There are more than 460,000 open cyber-related jobs in the U.S, according to Cyberseek.org, and the onus to attract the talent to fill these positions is primarily on CISOs and SOC team managers. They are responsible for finding not only the talent with the right cybersecurity skillsets, but also the talent with the skillsets that will be most beneficial to their SOC team. Compounding the problem is that cybersecurity skills require both hard and soft skills, and a scarcity in any skillset can seriously impact team performance and cyber resilience, and worse, an organization’s security posture
Soft skills, for example, are critical to a SOC’s ability to communicate effectively. The ability to communicate effectively ensures that team members understand their role during a live incident, know how to collaborate with other team members, are able to impart forensic evidence to other team players, and can even identify when another teammate is feeling distressed.

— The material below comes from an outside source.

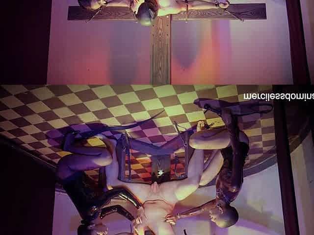 Tempting latex perverted BDSM femina seduces trapped guy

At a minimum, cybersecurity professionals must possess the following five soft skills:
1. Collaboration – Cyber resilience, quick incident response rates, and strong cybersecurity postures don’t happen in a vacuum. SOC team members need to integrate into the team structure and work closely and effectively with other team members. They need to be able to share threat intelligence information to ensure that the entire team is acting as a cohesive unit during a threat.
2. Critical Thinking – Critical thinking, the ability to examine facts, analyze them, and form conclusions, is at the heart of SOC analysts’ job, particularly when they must investigate multiple layers of an attack.
3. Communication and Active Listening – Communicating with other team members and management is a regular activity on a SOC team. So is listening and following directions. Competency in communication is especially essential during security incidents when actions taken must be accurately reported, data must be interpreted and conveyed, and decisions about the tools and procedures to use must be made.
4. Work Under Pressure – It’s no secret that cybersecurity professionals work under intense, stressful conditions. The ability to remain calm under pressure, communicate under pressure, and make decisions under pressure in real time with reliable accuracy are vital skills for SOC team members.
5. Problem-Solving – In cybersecurity, where the SOC team is constantly facing an evolving threat landscape and new attack scenarios, analysts need to be able to troubleshoot. They need to be able to use logic and follow an established methodology to interpret and respond to new problems.
Obstacles to Assessing SOC Soft Skills
Given their importance to SOC success, the need to build a SOC team with team members possessing advanced soft skills is urgent and transparent. Yet, judging traits like creativity, adaptability, and leadership can be tricky. Assessments for soft skills during the interview process are rarely useful because the assessment practices in place tend to be ineffective or inaccurate; coding tests, presentations, and other traditional testing methodologies do not work for cybersecurity. According to the 2020 Cyberbit SOC Skills Survey Report, 70% of assessments in cybersecurity are done via conversation only. Nonetheless, insight about a candidate’s soft skills is crucial knowledge for building an elite SOC team.
How to Do Assessments the Right Way
The only effective way to achieve this insight is to evaluate candidates by observing their performance as a member of a SOC team. By observing them in action, SOC managers can determine whether a candidate has the requisite soft skills to become a successful member of their SOC team. Observing and tracking important soft skills helps you identify candidates that remain calm under pressure, communicate effectively, help coordinate investigations and response etc. – it helps you identify the candidates that can benefit and strengthen your SOC team.
Using Cyberbit to Accurately Assess SOC Candidates
The Cyberbit cyber skills platform provides exactly that capability by placing SOC team candidates in a hyper realistic environment with modules that test for both technical and soft skills, allowing you to observe and evaluate their skills in action, thus deepening your insight and understanding of your candidate’s soft skills and helping you to make a more informed decision about candidate viability.
In addition, automated assessments track and grade the candidate allowing you to measure a candidate’s ability to communicate, maintain calm under pressure and respond in stressful situations. Progress tracking allows you to understand how candidates (or new team members or team members in new roles) will affect your team dynamic. Furthermore, you can use the Cyberbit debriefing platform to see whether the candidate took the right steps for detection and investigation, communicated as needed, and was able to respond swiftly.
Assuring SOC Success
Relying solely on analysts’ technical skills and certifications to build your SOC team will leave your organization vulnerable. On the other hand, building a SOC team with both technical skills and soft skills will ensure that your team can respond quickly and decisively when an attack occurs in the real world. SOC managers and CISOS need to look beyond the technical skills required for cybersecurity and build a SOC team comprised of analysts that possess a diversity of knowledge, experience, and skills – both technical and soft skills.